Any thoughts? Anyone have any experience with it?
I'm not talking about quality of living here, just min/maxing money making capabilities.
Go to Phuket, fuck trannys.
Taught in Korea for a year, saved up 12k since they pay for absolutely everything.
And that was with eating out all the time. I should have done another year. I knew someone who has been there for 8 years and had around 80k saved.
>>2897099
Taught ESL in Vietnam for a year. I was paid fairly well compared with the local salary but quite poor compared with back home. Cash in hand though so that was nice. 7 days a week roster: all day Saturday and Sunday 8am til maybe 7 or 8pm with a very long lunch break and evenings during the week from like 4 or 5pm until 8 or 9. Most of the other teachers taught at public schools during the weekdays and private schools at night but I was only doing the private schools. All ages and levels are taught.
Thailand has the most fuckable women/ladyboys in asia. Yeah, they can be two faced cunts but on the whole it's your best bet.
DON'T GO TO CHINA. You've been warned.
>>2897099
>All you'd need is to be a native speaker and have a TEFL cert
English or the nationality you plan on teaching English to?

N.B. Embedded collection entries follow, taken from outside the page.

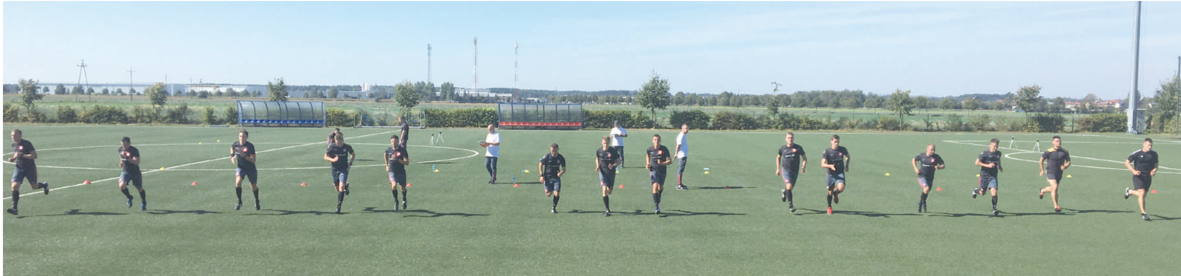
W Kleszczowie warunki do pracy były bardzo dobre.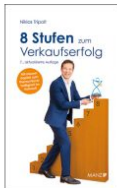
8 Stufen zum Verkaufserfolg Ladenpreis: 24,90EUR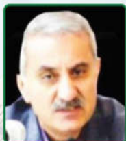
بنیان گذار گروه طب اورژانس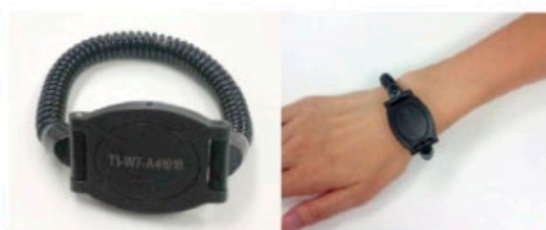
入院患者用入館リストバンド

入院される方は、入院時に入館リストバンドをお渡ししますので、病棟から出られる際は必ず腕に着用して下さい。退院時に返却していただきますので、紛失しないようにお気を付け下さい。なお、紛失された場合は1,100円（税込10%）をいただく場合がございます。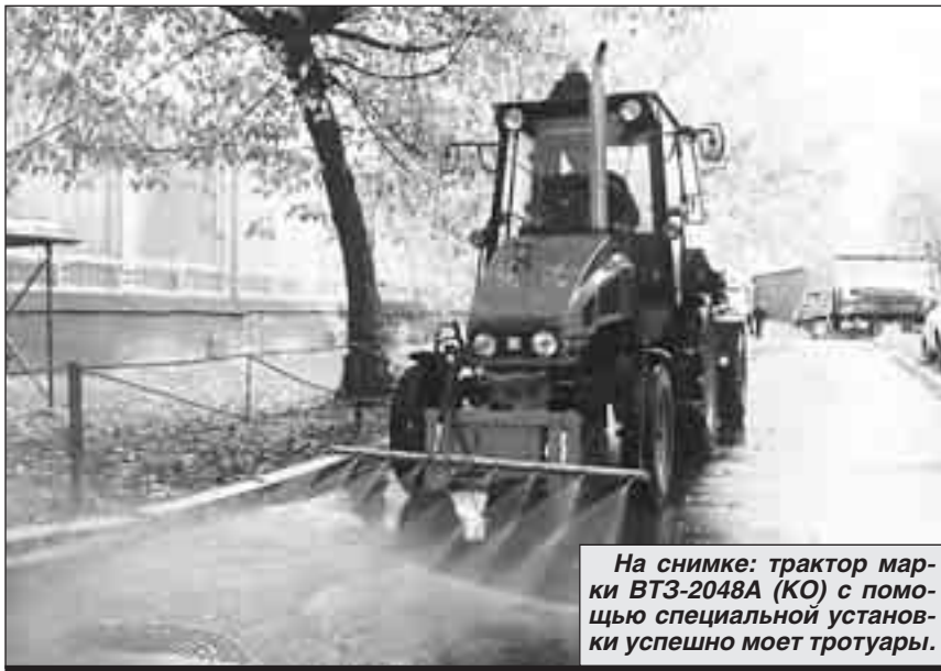
На снимке: трактор марки ВТЗ-2048А (КО) с помощью специальной установки успешно моет тротуары.

- Из существующих отечественных тракторов владимирский трактор ВТЗ-2048А в коммунальном исполнении наиболее полно отвечает требованиям, предъявляемым к машинам, предназначенным для уборки тротуаров и дворов, - сказал он. - В своем классе - шириной захвата 1,4 - 1,6 метра - эти тракторы наиболее универсальны. Если они оснащены комплектом всепогодного уборочного оборудования, их смело можно рекомендовать коммунальным организациям Москвы и других городов России. У них от-

I'm becoming fluent in Japanese but it's still probably a year or two off being proficient enough to teach. Even then, I'm not sure if I'd have the social skills to teach effectively, or if Japan's teaching market would accept me (might be oversaturated with weabs etc.)
>>2897099
Need a degree?
>>2897765
I think most ESL employers don't care whether you speak the country's language and some will give you basic courses there anyway. The point is that you should only speak English in the classroom.
>>2897777
Some places require a BA some don't. For sure you'd have an edge over your competition if you do have one but I think it's possible without.
>>2897812
I wasn't really sure about the English level of the people I'd have to teach. So you're saying they know enough to be able to have (somewhat broken) conversations with you already, and it's your job to fine tune them and expand their vocab?
>>2897849
Well, from what I've seen when you are teaching elementary school children for example, you are using pictures and little comics to give them the vocabulary and grammar. I think you learn it all in the TEFL courses.